Максим очнулся от прощальной суеты, подумав об отце, матери, о Лидии, о неудачном сватовстве, обо всем, что было еще вчера, проглотил подступивший к горлу горячий ком и пошел в купе, где сидели его спутники по новой, теперь уже по-настоящему самостоятельной жизни…
ЧАСТЬ ВТОРАЯ
1
"Лидия не пришла на вокзал… Неужели все кончено?.. Кто виноват? Я? Она? Бражинский? Я, я, я виноват", - с ожесточением твердил про себя Максим, не заходя в купе и стоя в коридоре у слезящегося каплями окна. За широким стеклом чернела дождливая летняя ночь. Скорый поезд врезался в нее с грохотом, точно в шумящий океан; где-то впереди во тьме грозно выл электровоз, мелькали огни станций. Из купе слышались веселые голоса и смех Славика, Гали, Саши Черемшанова. После суеты проводов возбуждение их еще не улеглось.

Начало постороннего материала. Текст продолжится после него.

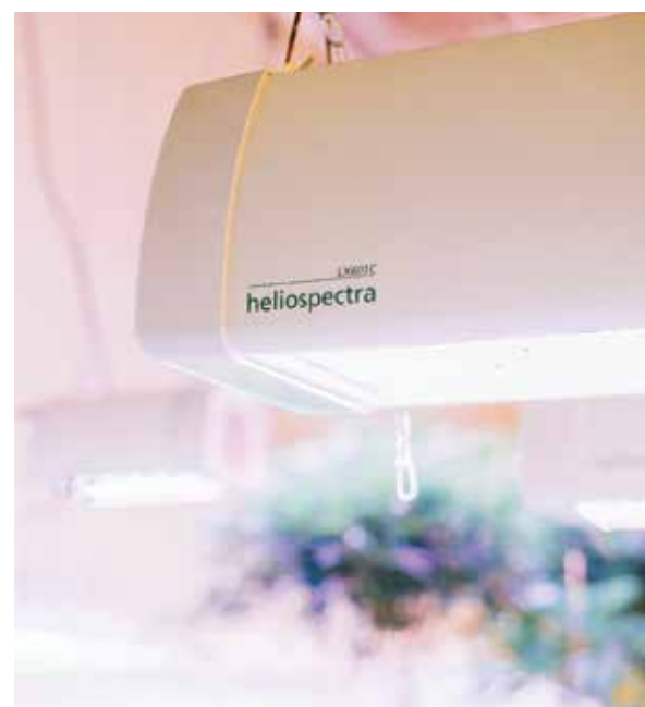
LX60 LED lighting.

energy (intensity) is the micromole ( \mu\text{mol} ). Next, some descriptors of intensity refer to light generated by the fixture, while other descriptors refer to the intensity of light striking a surface. Photosynthetic photon flux (PPF), measured as \mu\text{mol}/\text{s} (s=second), describes an instantaneous measure of light intensity produced by a fixture. However, fixtures vary greatly in how this light is directed. Some fixtures have a more focused dispersal pattern and some have a wider dispersal pattern. The photosynthetic photon flux density (PPFD) considers both fixture output and dispersal. PPFD describes light intensity delivered to a surface and is measured as \mu\text{mol}/\text{m}^2/\text{s} (micromoles of light hitting a square meter in one second). PPFD is also an instantaneous measure of light intensity. Remember that the PPFD reported for a fixture is specific to the distance at which the measurement is taken.

Теперь, когда Максиму стало ясно, что он все больше отдалялся от всего, чем жил в последнее время, а главное, от Лидии, он с особенной отчетливостью сознавал всю непоправимость случившегося. Мысль, что ни завтра, ни послезавтра, ни многие недели и месяцы он не увидит Лидию, наполняла его чувством, близким к отчаянию.
Максим представлял себе то ее светящиеся в лунном сумраке глаза там, на терраске деревенского домика, то прикосновение ее руки к щеке, то тихий, спадающий до шепота голос. Но вот перед ним другое лицо - гневное, печальное, взгляд, полный отвращения и укора, и Максим вновь начинал испытывать острую душевную боль. Он, словно одержимый, шагал по коридору, куря папиросу за папиросой. Пассажиры уже легли спать, коридор опустел. Поезд мчался, громко стучали на стыках колеса.